🤖 AI Summary
Simulation-based inference (SBI) under sparse parameter sampling suffers from poor posterior estimation fidelity and robustness, especially in low-data regimes. Method: This paper proposes a mutual information-driven posterior estimation framework that jointly optimizes physics-informed prior statistics and neural network–based embedding representations via two complementary mutual information maximization objectives—marking the first approach to co-optimize these distinct statistical sources. Contribution/Results: The method significantly enhances information preservation and robustness of posterior estimates with limited simulations. Experiments on two cosmological datasets demonstrate superior extraction of non-Gaussian parameter dependencies compared to neural-only summary statistics or naive concatenation baselines.

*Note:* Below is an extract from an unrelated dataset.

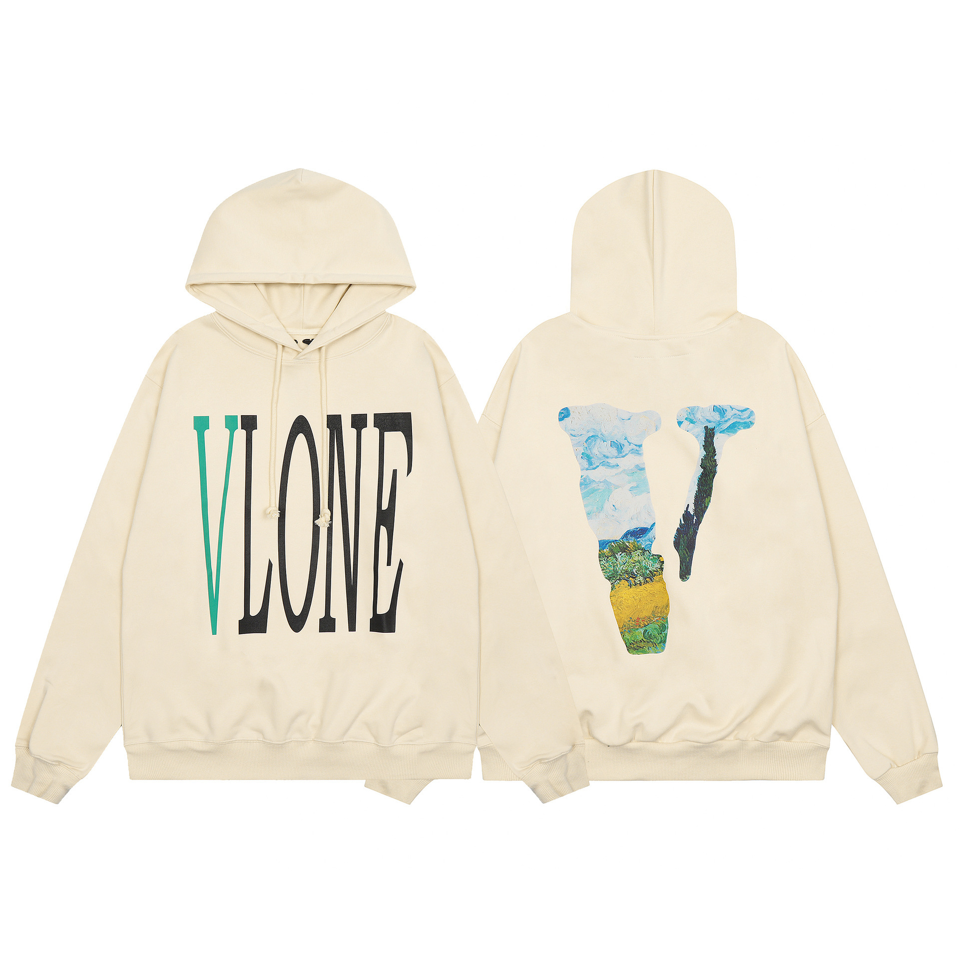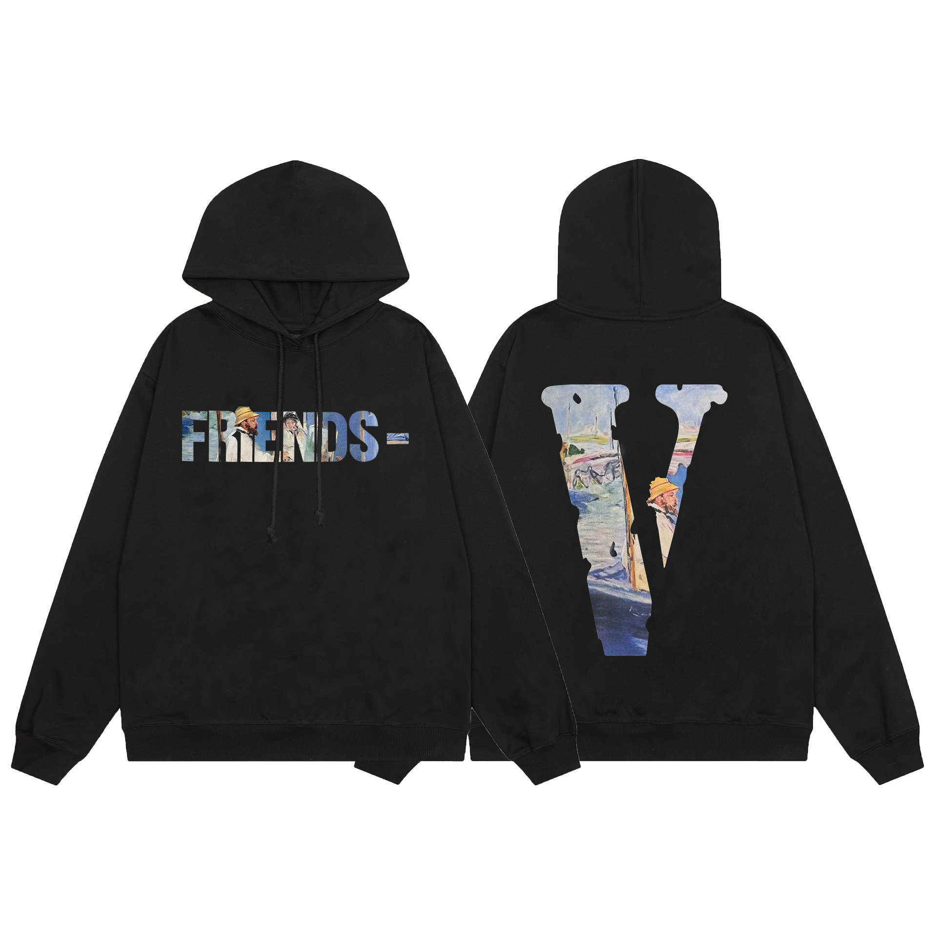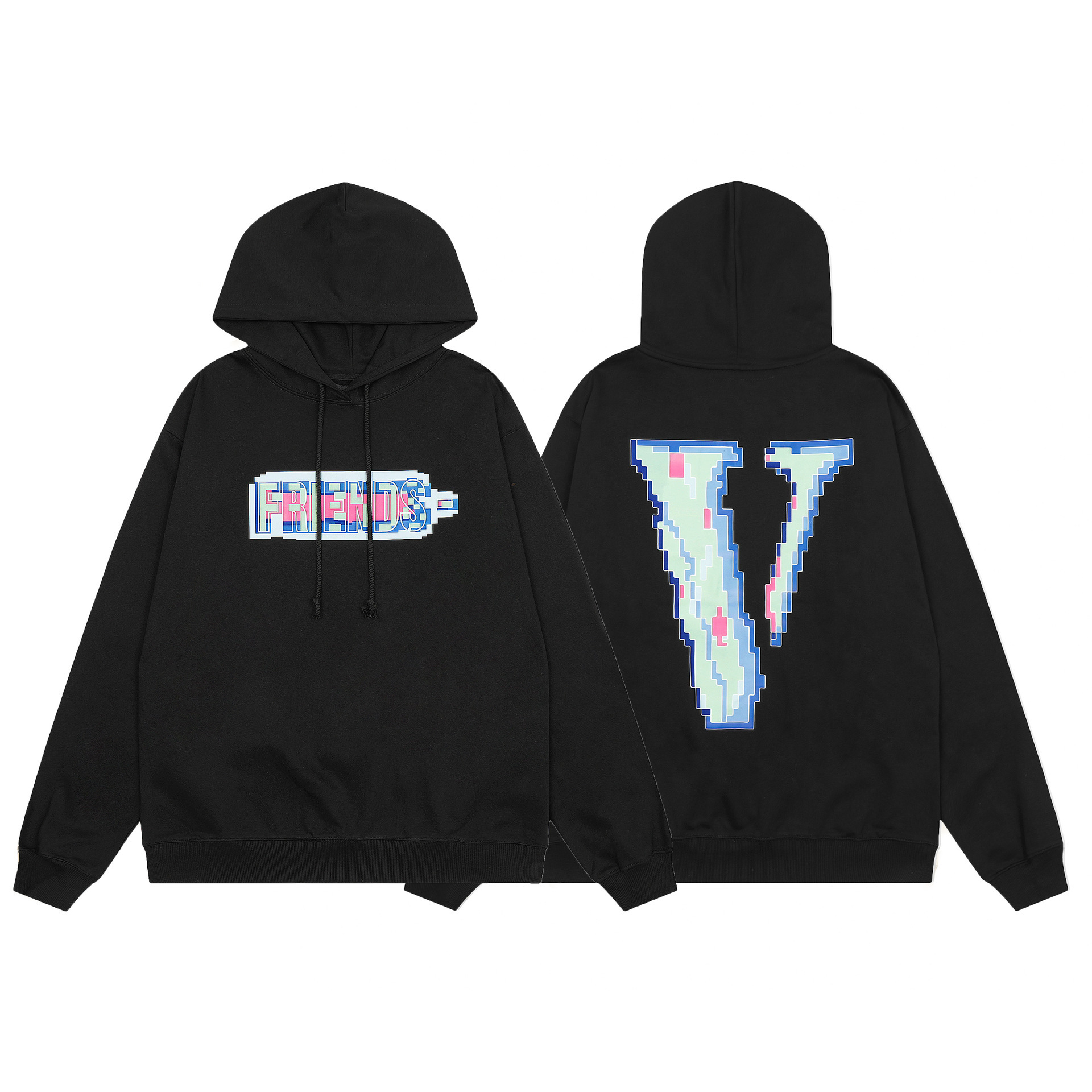 외부 싱글 Vlone FOG 모자이크 친구 요소 스타일 미국 빅 V 후드 시리즈 스웨터 헤비 후드스토어 가기

Inference stability under small-sample conditions is markedly improved. By integrating domain knowledge with deep representation learning through principled information-theoretic objectives, the approach establishes a novel, interpretable, and high-information statistical learning paradigm for sparse-simulation inference.
📝 Abstract
We present a way to capture high-information posteriors from training sets that are sparsely sampled over the parameter space for robust simulation-based inference. In physical inference problems, we can often apply domain knowledge to define traditional summary statistics to capture some of the information in a dataset. We show that augmenting these statistics with neural network outputs to maximise the mutual information improves information extraction compared to neural summaries alone or their concatenation to existing summaries and makes inference robust in settings with low training data. We introduce 1) two loss formalisms to achieve this and 2) apply the technique to two different cosmological datasets to extract non-Gaussian parameter information.